Central California Congressman George Radanovich was miffed at being criticized for chastising the federal government for protecting the Delta smelt when he also authored controversial legislation to restore salmon to the San Joaquin River.

Radanovich, an eight-term Republican from Mariposa, Calif., said equating the two issues is like comparing crappie to bass.

Radanovich was part of a parade of politicos at a rally on the banks of the San Luis Reservoir in April, where thousands ended a four-day Walk for Water to protest the government throttling back the Delta pumps to save a minnow (Delta smelt) at the cost of jobs.

The farm workers and farmers left the rally disappointed. All they heard was political rhetoric. They expected action, but left frustrated. It boiled over with farmers and this editor pointing out the inconsistency in Radanovich’s rally rant that the government was more interested in protecting fish than jobs for people, in contradiction of his support for salmon restoration on the river.

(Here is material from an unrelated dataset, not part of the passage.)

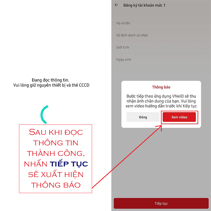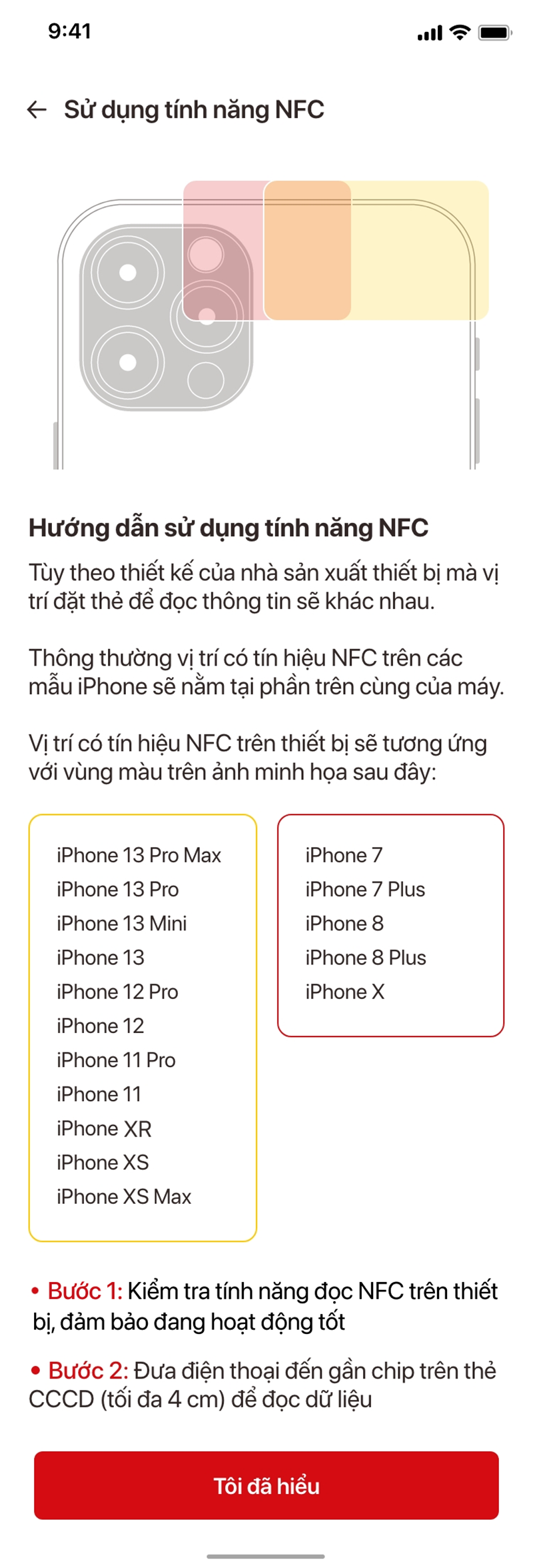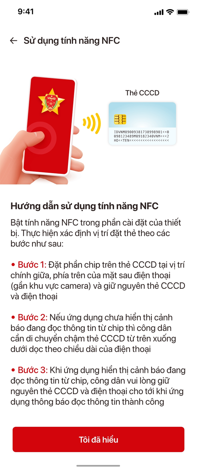 Tại màn hình hướng dẫn đăng ký tài khoản Mức 1, chọn Bắt đầu. Nếu thiết bị di động của bạn có hỗ trợ NFC thì sẽ xuất hiện màn hình dưới đây (tương ứng với thiết bị sử dụng hệ điều hành iOS và Android). Để bắt đầu đọc thông tin thẻ bằng NFC, bạn hãy nhấn vào Tôi đã hiểu.

“Forget salmon ... I don’t give a rip about salmon,” Congressman Radanovich told me on the phone when he called to set the record straight.

The grape grower/winery owner says he initially authored the river restoration bill with Sen. Diane Feinstein because the 22 water districts in the Friant Water Users Authority had settled an 18-year legal battle with radical environmentalists to restore salmon in the river.

It was either settle or let a judge decide how much water went to salmon. The judge told the farmers they did not want him to decide because they would likely get little or nothing if he did.

“The judge had his hands on the faucet and everyone agreed that was not a reasonable alternative,” says Radanovich. When the water districts and environmentalists settled, Radanovich drafted legislation to fund river restoration.

“The San Joaquin restoration is not an Endangered Species Act (ESA) situation like the Delta smelt. It is a state issue dating back to the law passed in 1930 creating Friant Dam and Millerton Lake,” said Radanovich. “The issue was not going beyond state court. There would be no appeal to the supreme court of the judge’s ruling if he was left to make the final decision.”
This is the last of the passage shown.